Peu de personnages jalonnent cette histoire d’un temps ancien. Nous avons donc tout le temps de faire connaissance avec eux, et même de nous y attacher. Car ils sont beaux ces personnages, touchants, émouvants, complexes. Mais en trame de fond, outre le Goncourt 1920, c’est bien la condition de la femme qui est mise en exergue, cette femme qui a fait fonctionner la nation de l’intérieur en 14/18 lorsque l’homme allait se faire zigouiller du côté de l’est du pays par exemple, c’est grâce à la gente féminine que le pays peut repartir fin 1918. Alors elle décide qu’elle a désormais son mot à dire. « Elle juge inadmissible qu’un groupe de vieux croûtons fasse pression pour durcir la loi contre l’avortement, en quoi cela les concerne-t-il ? Qu’ils laissent les femmes disposer de leur corps. Est-ce qu’Adelphe imagine ce qu’il adviendrait de lui si l’on décrétait que la semence appartenait à l’État, que toute éjaculation non vouée à la procréation relevait d’un tribunal correctionnel ? Elle en a assez de vivre dans un monde indigne où seuls les hommes ont le choix d’être ce qu’ils veulent, tandis que les femmes sont domestiquées pour leur bon vouloir. Ça suffit ».

Adelphe est l’un de ces pasteurs ancrés dans le passé, avec ses certitudes et ses clichés, notamment sur les femmes.

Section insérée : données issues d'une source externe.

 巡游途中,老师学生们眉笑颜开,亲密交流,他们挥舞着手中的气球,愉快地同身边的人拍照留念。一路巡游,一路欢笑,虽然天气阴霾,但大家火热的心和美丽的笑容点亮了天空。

Or il est entouré par des dames. Gabrielle la féministe, bien sûr, pour laquelle il en pince et qui tombera enceinte (l’un des grands mystères de ce roman), Blanche la servante qui deviendra sa femme puis la mère de Jacques. Il n’y a guère que Marcel, le curé, qui représente le sexe « fort ». Et encore, curé moderne, pas vraiment convaincu par sa position et qui finit par déteindre sur Adelphe : « Pourtant s’il osait, il leur dirait que Dieu n’est pas un ami, inutile de le tutoyer, qu’il n’est pas un esprit non plus, pas la peine de le prier, Dieu n’est qu’un repère, une balise pour la route, rien de plus. Il est le phare vers lequel les hommes doivent tourner leur regard, une exhortation à se hisser au-delà du médiocre, à ambitionner la noblesse du geste. Et le pasteur leur sert seulement de guide ».

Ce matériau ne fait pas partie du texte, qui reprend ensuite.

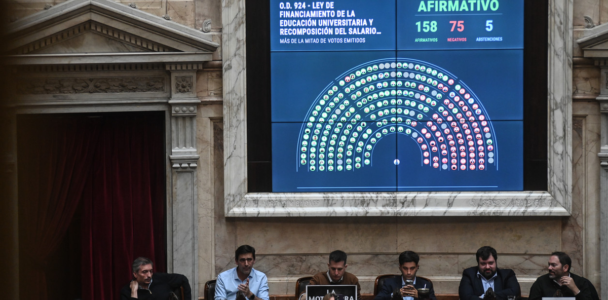 La oposición logró este miércoles en la Cámara de Diputados dar media sanción a un proyecto que apunta a reforzar y garantizar el financiamiento de las universidades nacionales. Fue la primera votación de una mega sesión incómoda para la Casa Rosada que también incluye en el temario la declaración de emergencia en pediatría -por la crisis del hospital Garrahan- y las iniciativas patrocinadas por los gobernadores para coparticipar el impuestos los combustibles líquidos y para repartir de forma automática los Aportes del Tesoro Nacional.

Vous l’aurez compris, ce roman est féministe, avec un Dieu caché mais définitivement absent. L’écriture est tassée mais pas suffocante, pour tout dire elle est même un enchantement de par sa précision, sa sonorité, des lignes dans lesquelles sont soigneusement distillées des pointes d’humour. La période pendant laquelle s’étend l’histoire est de 1920 à 1960 environ, sur deux générations. Il ne sera fait quasiment aucune allusion à la deuxième guerre mondiale. En revanche, le rôle des femmes sera débattu, sera imposé à un Adelphe un peu trop avare de ses privilèges de mâle. C’est le roman de l’émancipation, des femmes qui s’affirment, décident, mais aussi celui des secrets de famille. C’est pour finir un roman sur la transmission, la force et la magie des mots, sur la passation de la littérature pour qu’elle demeure vive et reste une source d’inspiration et de décisions.

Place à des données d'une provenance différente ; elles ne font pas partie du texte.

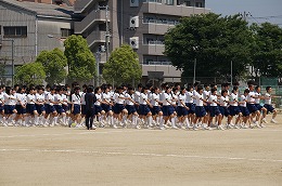 本校は、特に行進やラジオ体操についてはレベルの高い機敏な動きが伝統となっています。

Beaucoup de morts vont émailler le récit, comme si le roman devait se terminer en peau de chagrin. Pourtant l’espoir est bien au bout. Un livre magnifique, un style impeccable, des personnages charpentés, une histoire maîtrisée, qu’attendre de mieux d’un roman ? Sorti fin 2019 aux éditions Le nouvel Attila, il m’a échappé à sa sortie, mais le rappel valait le coup, à vous de jouer ! D’ailleurs nous reviendrons vers cette auteure, notamment grâce à des publications dues aux excellentes éditions du Réalgar.